Additionally, genomic data may be collected from a wide variety of sources using the information in the data table. For example, scoring microarray or sequencing data for each interval listed in the data table.
This module uses an object-oriented interface. Many of the methods and API will be familiar to users of Bio::Perl.
- Bio::ToolBox::Data::Feature
-
This is the object class for working with individual rows in a table of data. It provides a number of conventions for working with the rows in a standard fashion, for example returning the start column value regardless of which column it is or whether the table is bed or gff or an arbitrary text file. A number of convenience methods are present for collecting data from data files. This module is not used directly by the user, but its objects are returned when using Bio::ToolBox::Data iterators.
- Annotation parsers
-
Included are two generic parsers for loading an entire genome-worth of annotation into memory within a reasonably short amount of time.
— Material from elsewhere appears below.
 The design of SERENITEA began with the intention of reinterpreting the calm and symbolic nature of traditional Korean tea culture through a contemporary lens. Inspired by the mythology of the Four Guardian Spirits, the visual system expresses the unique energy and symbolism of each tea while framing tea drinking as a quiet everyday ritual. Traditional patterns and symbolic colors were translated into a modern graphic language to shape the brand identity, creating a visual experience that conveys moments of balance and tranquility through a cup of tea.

- Bio::ToolBox::parser::gff
-
This parses both GTF and GFF3 file formats. Unlike many other GFF parsers that work line-by-line only, this maintains parent and child hierarchical relationships as parent feature and child subfeatures. To further maintain control and reduce unnecessary parsing, unwanted feature types can be selectively skipped.
- Bio::ToolBox::parser::ucsc
-
This parses various UCSC file formats, including different refFlat, GenePred, and knownGene flavors. Genes, transcripts, and exons are assembled into hierarchical child-parent relationships as desired.
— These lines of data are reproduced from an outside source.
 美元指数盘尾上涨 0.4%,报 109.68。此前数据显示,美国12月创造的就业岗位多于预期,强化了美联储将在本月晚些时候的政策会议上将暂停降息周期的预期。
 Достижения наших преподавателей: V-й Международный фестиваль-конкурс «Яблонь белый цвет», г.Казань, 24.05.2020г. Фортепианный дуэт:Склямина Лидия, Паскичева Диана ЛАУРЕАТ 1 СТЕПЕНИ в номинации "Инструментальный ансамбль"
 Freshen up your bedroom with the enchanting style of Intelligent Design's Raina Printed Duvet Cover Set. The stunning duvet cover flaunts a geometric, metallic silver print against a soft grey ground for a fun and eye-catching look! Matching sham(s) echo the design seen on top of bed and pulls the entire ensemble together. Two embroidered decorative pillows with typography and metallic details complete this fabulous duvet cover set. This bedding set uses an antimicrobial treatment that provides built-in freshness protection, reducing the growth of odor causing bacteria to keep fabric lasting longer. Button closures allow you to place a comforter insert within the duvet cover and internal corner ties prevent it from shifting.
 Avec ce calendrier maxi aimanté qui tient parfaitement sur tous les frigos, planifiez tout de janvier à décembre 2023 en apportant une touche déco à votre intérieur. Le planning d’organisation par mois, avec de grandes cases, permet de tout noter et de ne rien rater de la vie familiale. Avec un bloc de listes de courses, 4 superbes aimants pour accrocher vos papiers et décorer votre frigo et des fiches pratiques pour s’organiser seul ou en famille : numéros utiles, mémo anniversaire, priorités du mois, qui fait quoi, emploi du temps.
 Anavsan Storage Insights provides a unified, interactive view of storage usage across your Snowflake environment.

- Bio::ToolBox::SeqFeature
-
This is a fast, lean, simple object class for representing genomic features. It supports, for the most part, the Bio::SeqFreatureI and Bio::RangeI API interface without the dependencies. It uses an unorthodox blessed-array object structure, which provides measurable improvements in memory consumption and speed when loading thousands of annotated SeqFeature objects (think hg19 or hg38 annotation).
- Bio::ToolBox::GeneTools
-
This is a collection of exportable functions for working with Bio::SeqFeatureI compliant objects representing genes and transcripts. It works with objects derived from one of the "Annotation parsers" or a Bio::DB::SeqFeature::Store database. The functions make hard things easy, such as identifying whether a transcript is coding or not (is it encoded in the
primary_tag
orsource_tag
or GFF attribute or does it haveCDS
subfeatures?), or identify the alternative exons or introns of a multi-transcript gene, or pull out the 5' UTR (which is likely not explicitly defined in the table).
SCRIPTS
The BioToolBox package comes complete with a suite of high-quality production-ready scripts ready for a variety of analyses. Look in the scripts folder for details. A sampling of what can be done include the following:
Annotated feature collection and selection
Data collection and scoring for features
Data file format manipulation and conversion
Low-level processing of sequencing data into customizable wig representation
Scripts have built-in documentation. Execute the script without any options to print a synopsis of available options, or add
--help
to print the full documentation.
REPOSITORY
Source code for the Bio::ToolBox package is maintained at https://github.com/tjparnell/biotoolbox/.
Bugs and issues should be submitted at https://github.com/tjparnell/biotoolbox/issues.
SEE ALSO
Bio::Perl, Bio::DB::SeqFeature::Store, Bio::SeqFeatureI, Bio::DB::BigWig, Bio::DB::BigBed, Bio::DB::Sam, Bio::DB::HTS, Bio::DB::USeq, Bio::ViennaNGS
AUTHOR
Timothy J. Parnell, PhD
Dept of Oncological Sciences
Huntsman Cancer Institute
University of Utah
Salt Lake City, UT, 84112
LICENSE
This package is free software; you can redistribute it and/or modify it under the terms of the Artistic License 2.0.